Throughout the years the Israeli human rights group B’Tselem has documented the killing of tens of thousands of Palestinians through raids, military operations, or settler violence. Israel calls this periodic bloodletting “mowing the grass.” In its efforts to target Hamas fighters, Israel manages to mow down mostly civilians, more often than not children. Each time a payment on the aforementioned installment plan.

Even assuming that reports of children being decapitated by Hamas fighters last week are true, why have so few tears been shed for the thousands of children whose bodies are blown apart by Israeli bombs paid for by American tax dollars? Perhaps for the same ugly reason it has been so easy for Americans to kill Mexicans, Koreans, Vietnamese, Central Americans, Puerto Ricans, Afghanis, and Iraqis. Israel certainly has some soul-searching to do. Americans too.

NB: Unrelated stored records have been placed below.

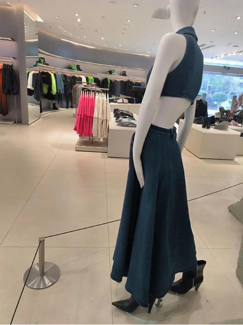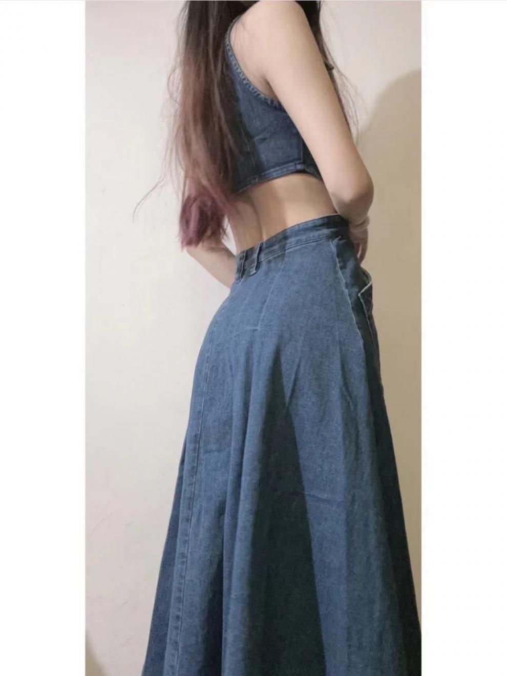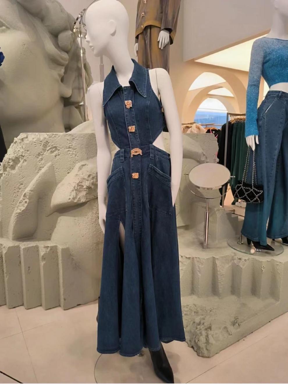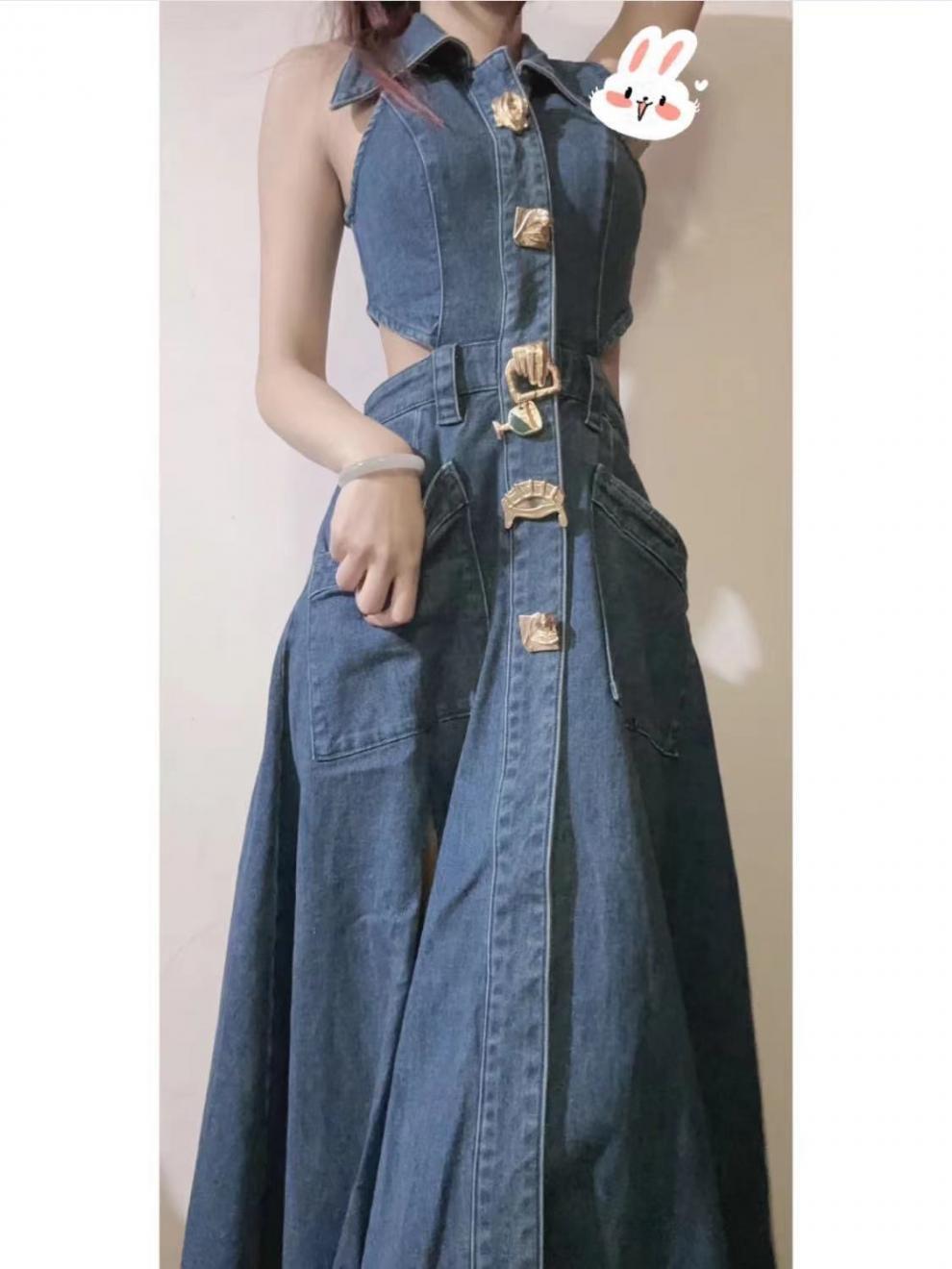 틈새 복고풍 디자인 센스 봄과 여름 착용 할로우 오픈 허리 스플릿 긴 원피스 민소매 데님 허리 원피스 여성 신제품스토어 가기
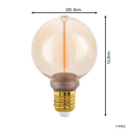 Eglo LED Globe E27 Filament Amber 2W 100lm - 818 Zeer Warm Wit | Dimbaar - Vervangt 15W
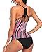Modest Swimwear Bathing Suits: Loose fit swim suits top matching with the striped high waisted bottom is perfect for athletic actives. The scoop neck of the swim top is flattering, full coverage and still looks charming.
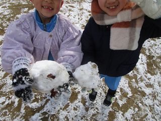 登校してくる子どもたちの中には手に雪玉を持っている子もいます。
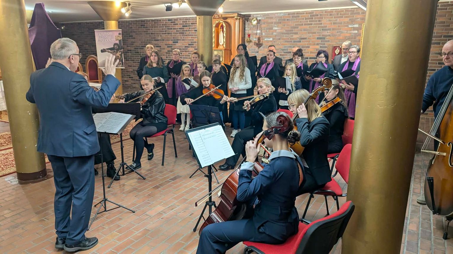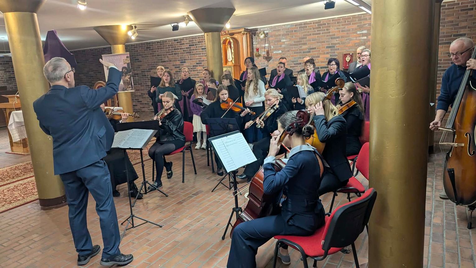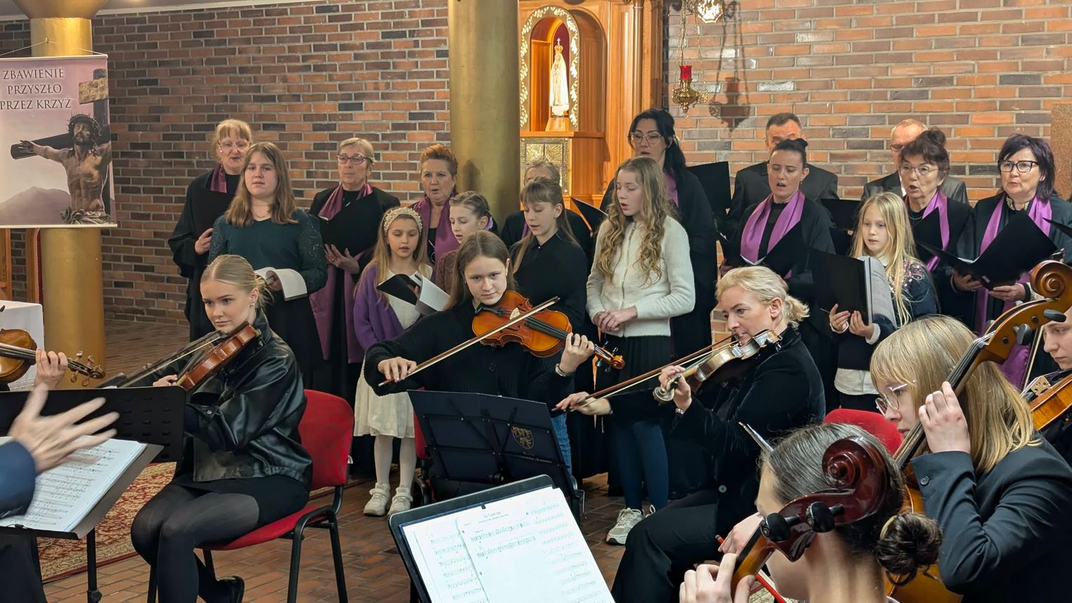 Na scenie zaprezentowali się uczniowie ogniska oraz chór Kandersino. W ich wykonaniu wybrzmiały utwory pasyjne i pieśni religijne, które wprowadziły słuchaczy w nastrój zbliżających się Świąt Wielkanocnych. Repertuar był spokojny i refleksyjny, ale nie brakowało w nim emocji.
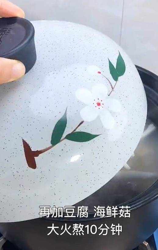 5.再加入豆腐、海鲜菇,大火熬10分钟
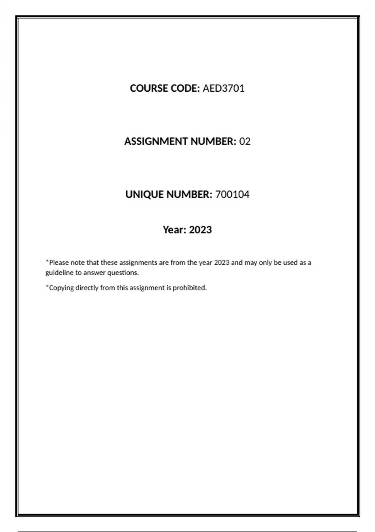 *Please note that these assignments are from the year 2023 and may only be used as a
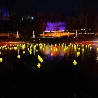 Canards en Seine est un effet lumineux installé au cœur d’un espace aquatique, une présence lumineuse discrète qui modifie la perception de la surface de l’eau. Des centaines de canards lumineux flottent, immobiles ou presque, comme suspendus entre ciel et reflet. Leur présence ne raconte pas un voyage, mais un instant à contempler, un tableau vivant offert au regard.
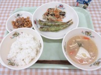 ●今日の給食●・ごはん・ししゃもの磯辺天ぷら・ビーフン炒め・豚と豆の角煮風・みそ...

For all the US State Department and Israeli Foreign Ministry press releases expressing shock, anger, and solidarity — for all the many emotional appeals, for all the bias in the media, the cynical invocations of the Holocaust, the unfortunately necessary pushback against antisemitic incidents that inevitably occur in the wake of this conflict, or the religious and racial connections between Western Jews and Christians – we’re still ignoring the most glaring feature of this conflict: the wrongs done and wrongs being done to Palestinians.

The Occupation is Israel’s and Israel’s alone. Every death that emanates from this conflict weighs most heavily on Israel because Israel chooses not end the Occupation. No nation should enable, justify, defend, or fund the Occupation. Let Israel go it alone and see how quickly change can come about – when the US isn’t subsidizing it.

It is an abomination that Israel’s occupation has gone on for 75 years. The human misery it has inflicted and inflicts daily ought to shame every Western power complicit in its continuation.

The United States must not provide a cent more to Israel.